INHIBITION OF ENERGY-TRANSDUCING FUNCTIONS OF CHLOROPLAST MEMBRANES BY LIPOPHILIC IRON CHELATORS

Lipophilic metal chelators inhibit various energy-transducing functions of [spinach] chloroplasts. Photophosphorylation coupled to any known mode of electron transfer, i.e., whole-chain noncyclic, the partial noncyclic Photosystem I or Photosystem II reactions, or cyclic, is inhibited by several lipophilic chelators, but not by hydrophilic chelators. The light- and dithioerythritol-dependent Mg2+-ATPase was also inhibited by the lipophilic chelators. Electron transport through either partial reaction, Photosystem I or Photosystem II was not inhibited by lipophilic chelators.
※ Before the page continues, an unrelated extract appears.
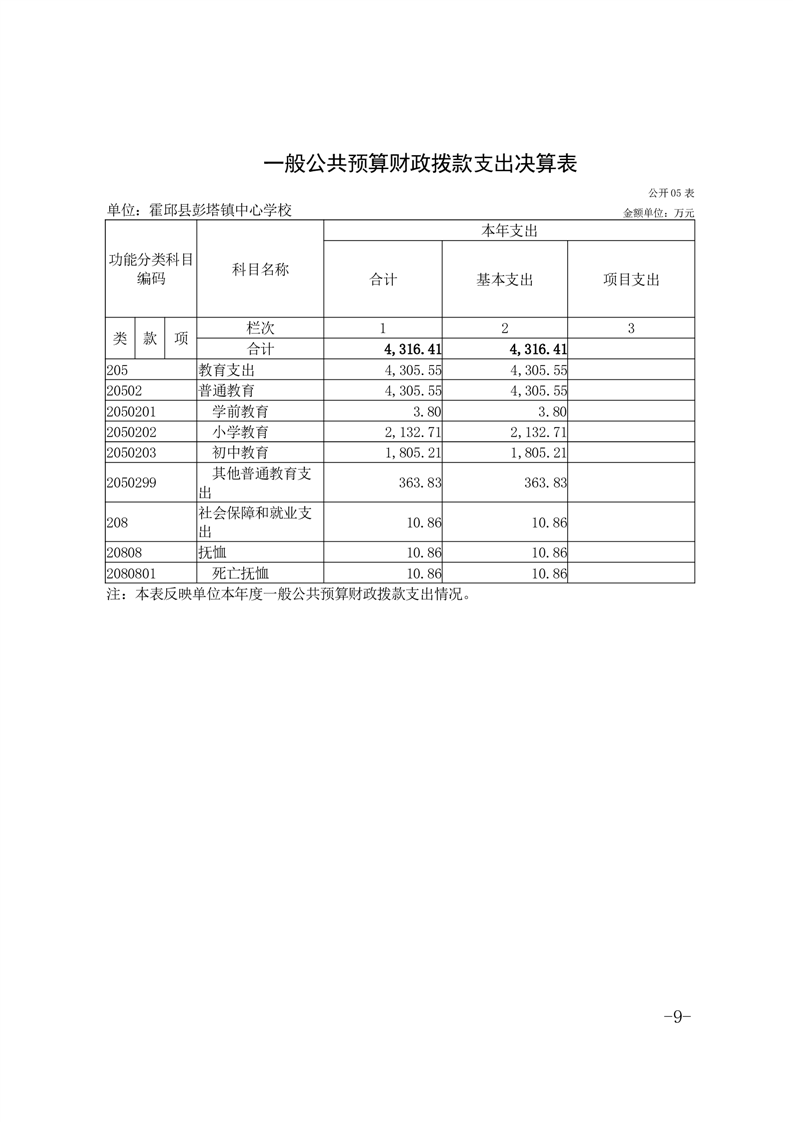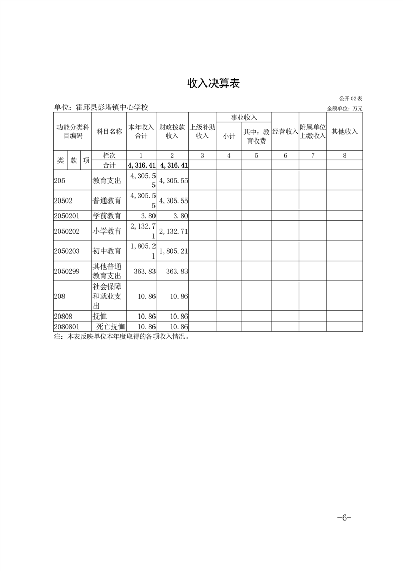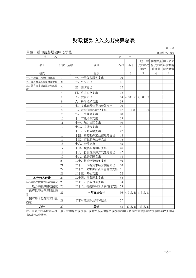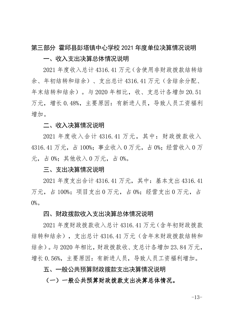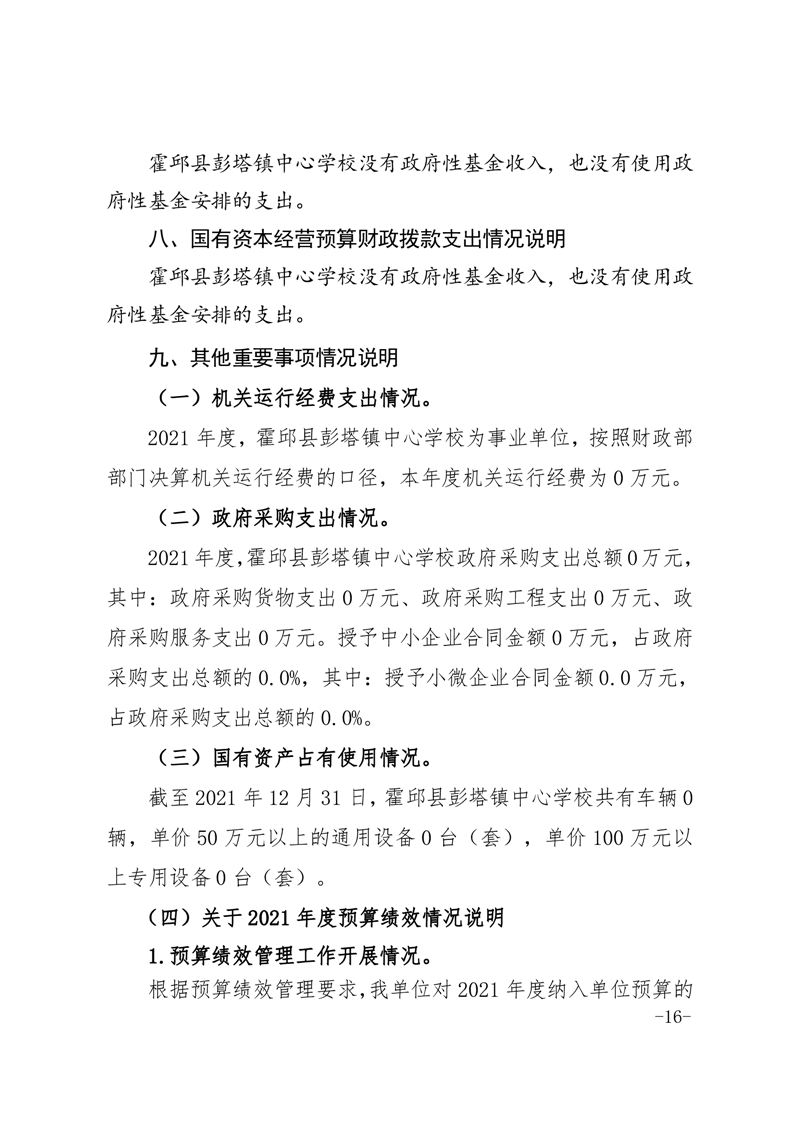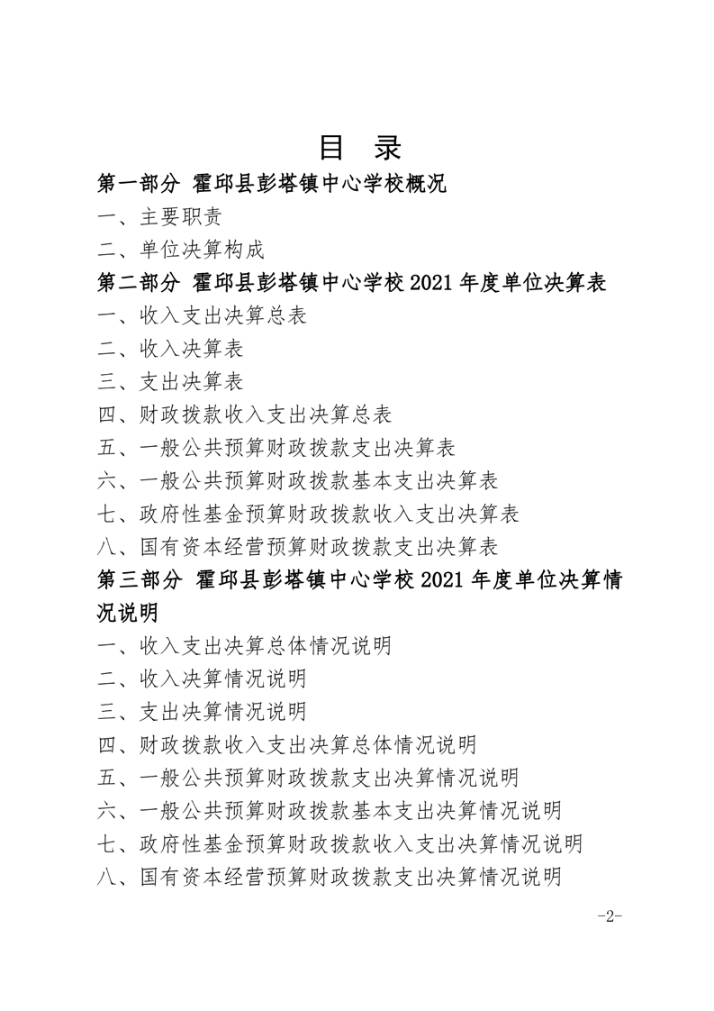 霍邱县彭塔镇中心学校2021年单位决算公开

Whole-chain coupled electron transport was inhibited by bathophenanthroline, and the inhibition was not reversed by uncouplers. The diketone chelators diphenyl propanedione and nonanedione inhibited the coupled, whole-chain electron transport and the inhibition was reversed by uncouplers, a pattern typical of energy transfer inhibitors. The electron transport inhibition site is localized in the region of plastoquinone .fwdarw. cytochrome f. This inhibition site is consistent with other recent work showing that a non-heme iron protein is present in chloroplasts having a redox potential near +290 mV. A likely position for such a component to function in electron transport would be between plastoquinone and cytochrome f, just where the data suggest there might be a functional metalloprotein. Some of the lipophilic chelatore induce H+ leakiness in the chloroplast membrane, making interpretation of their phosphorylation inhibition difficult. However, 1-3 mM nonanedione does not induce significant H+ leakiness, while inhibiting ATP formation and the Mg2+-ATPase. Nonanedione, at those concentrations, causes a 2- to 4-fold increase in the extent of H+ uptake. These results are consistent with, but do not prove, the involvement of a non-heme iron or a metalloprotein in chloroplast energy transduction.